MLA for Burnaby
- In office 1957–1963

Personal details
- Born: January 27, 1913 Rossland, British Columbia
- Died: May 10, 1993 (aged 80) Kamloops, British Columbia
- Party: British Columbia New Democratic Party

= Cedric Cox =

Canadian technician and politician (1913-1993)

Cedric Cox (January 27, 1913 – May 10, 1993) was a technician and political figure in British Columbia. He represented Burnaby in the Legislative Assembly of British Columbia from 1957 to 1963 as a Co-operative Commonwealth Federation member.

He was born in Rossland, British Columbia. Cox worked as an industrial pattern maker in Trail and later worked for Heaps Engineering in Burnaby. He served in the Royal Canadian Navy during World War II. Cox married Eileen, the daughter of Ernest Winch. He was first elected to the assembly in a 1957 by-election held following his father-in-law's death and was reelected in 1960. Cox was defeated when he ran for reelection in 1963.

Cox became the Chairman of the Vancouver Fair Play for Cuba Committee in 1962 along with Phil Courneyeur who was elected Secretary.
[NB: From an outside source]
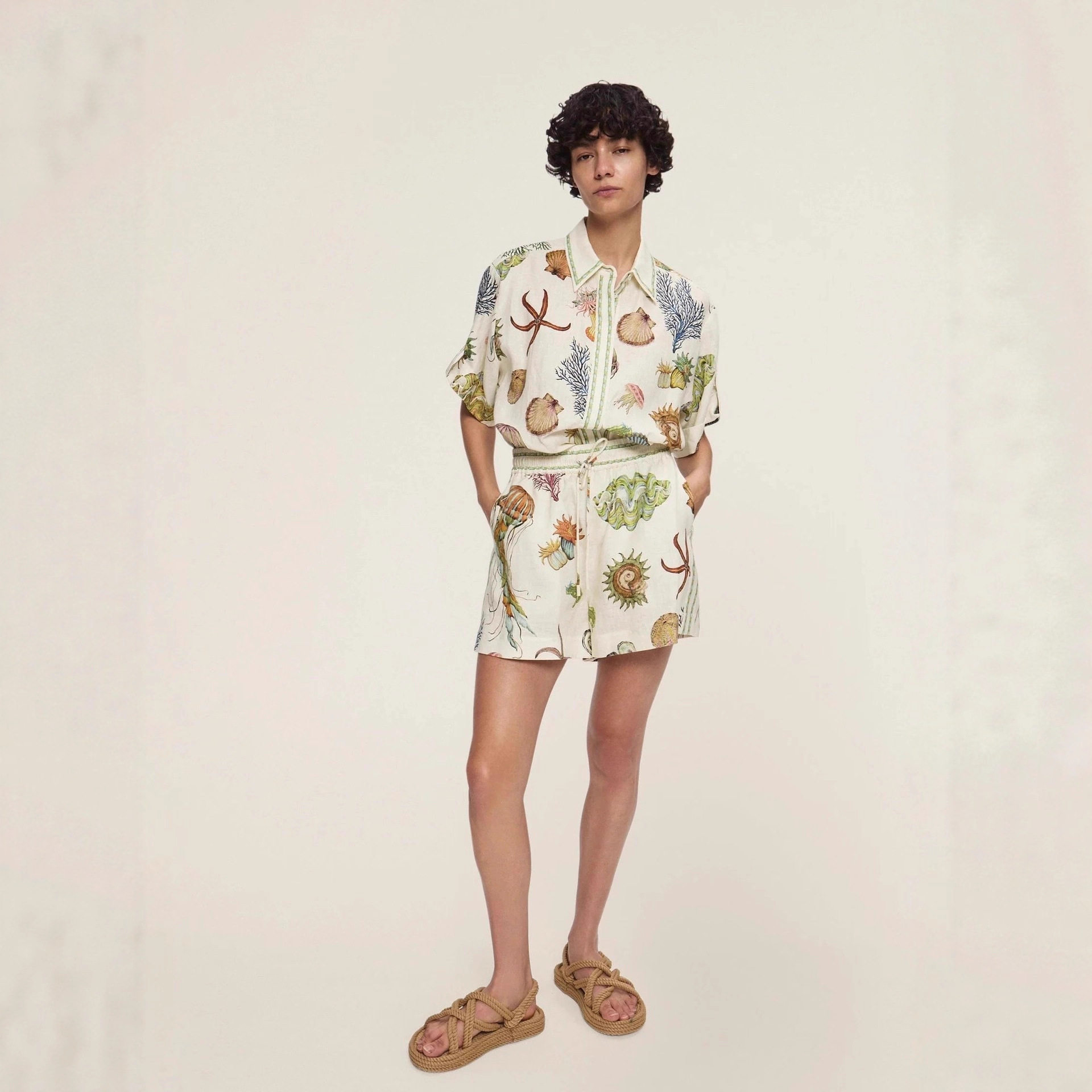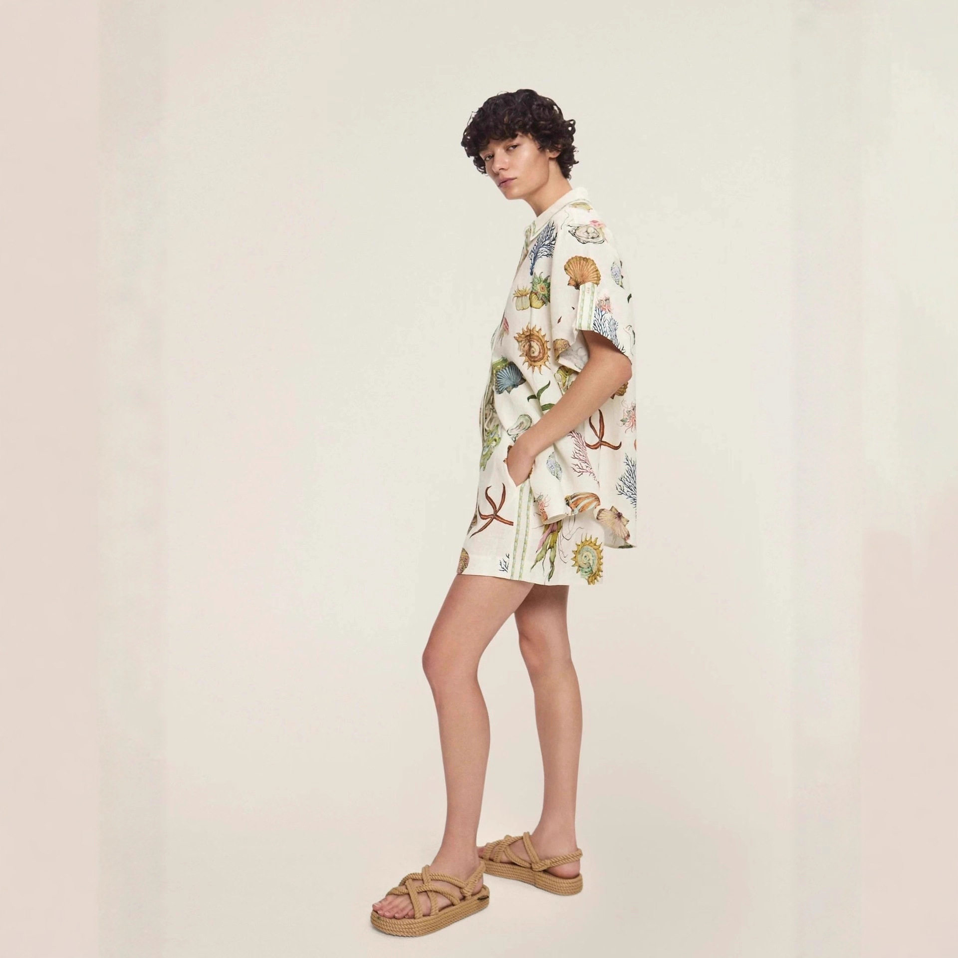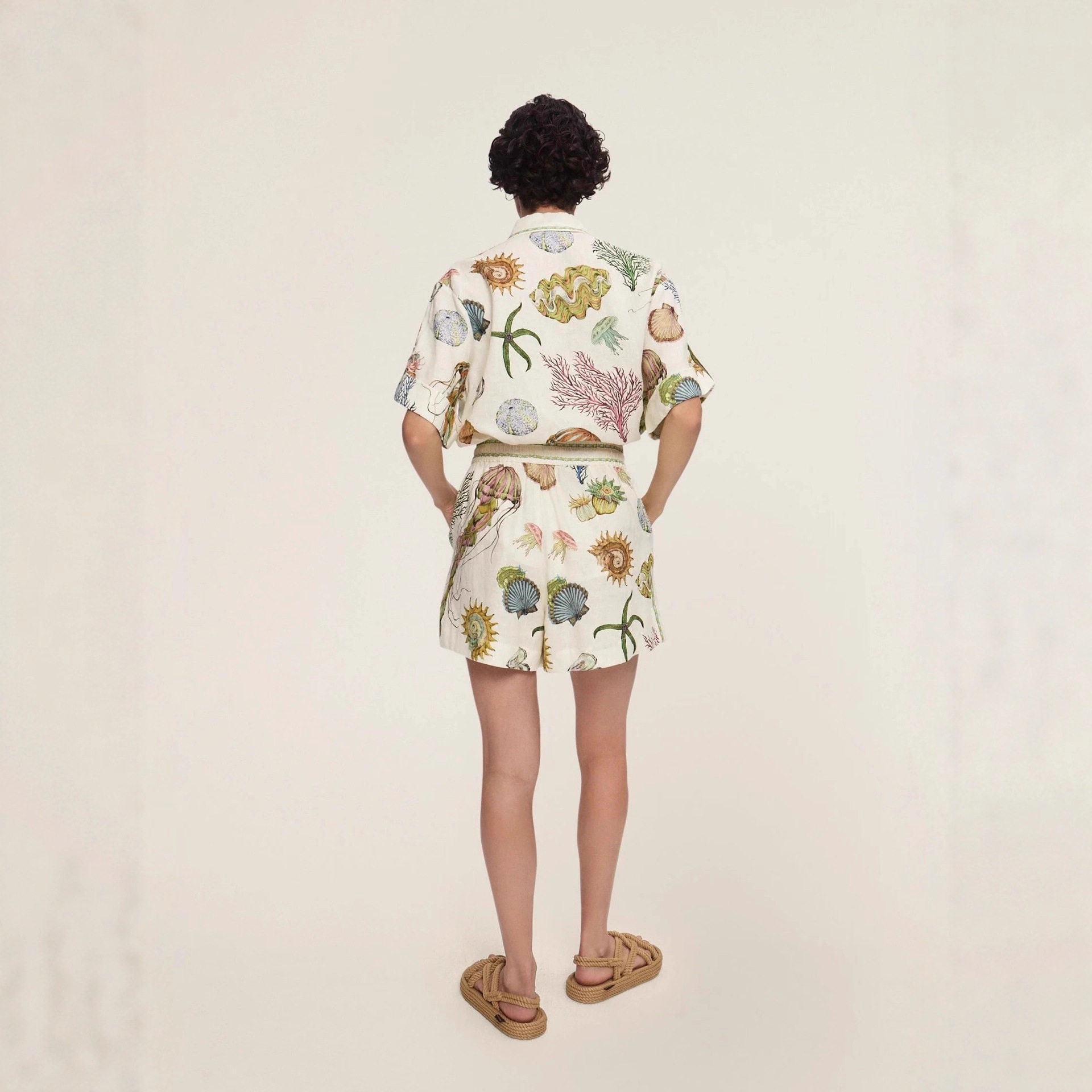 European and American Cross-Border 2025 New Amazon Aliexpress Independent Station Casual Fashion Linen Printed Shirt Shorts Suit
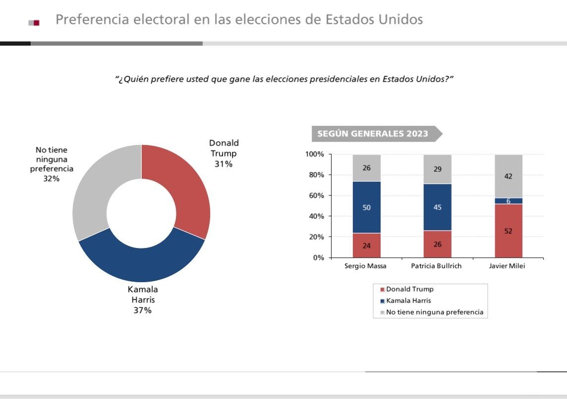 El estudio de la consultora que dirige Alejandro Catterberg indicó que el 37% de los encuestados tiene una preferencia por la actual vicepresidenta de Estados Unidos, Kamala Harris, mientras que el 31% se inclinaría por el exmandatario republicano Donald Trump. A la par, el número de desinteresados fue bastante alto: un 32% manifestó no tener preferencia alguna entre ambos candidatos.

Cox was criticized for accepting a trip to Cuba in January 1963, shortly after the Cuban Missile Crisis, paid for by Fidel Castro's government. Upon his return from Cuba Cox addressed a joint meeting of the Burnaby Constituency CCF-NDP and the Oil, Atomic and Chemical Workers Union where he answered critics of his trip and affirmed he would return to the Caribbean Island country if invited. The speech is available in print at http://www.socialisthistory.ca/Docs/1961-/Cuba/FourCanadians.htm With Dick Fidler, John Glenn and Charles Biesick, he contributed to Four Canadians Who Saw Cuba, which was published by the Fair Play for Cuba Committee in 1963.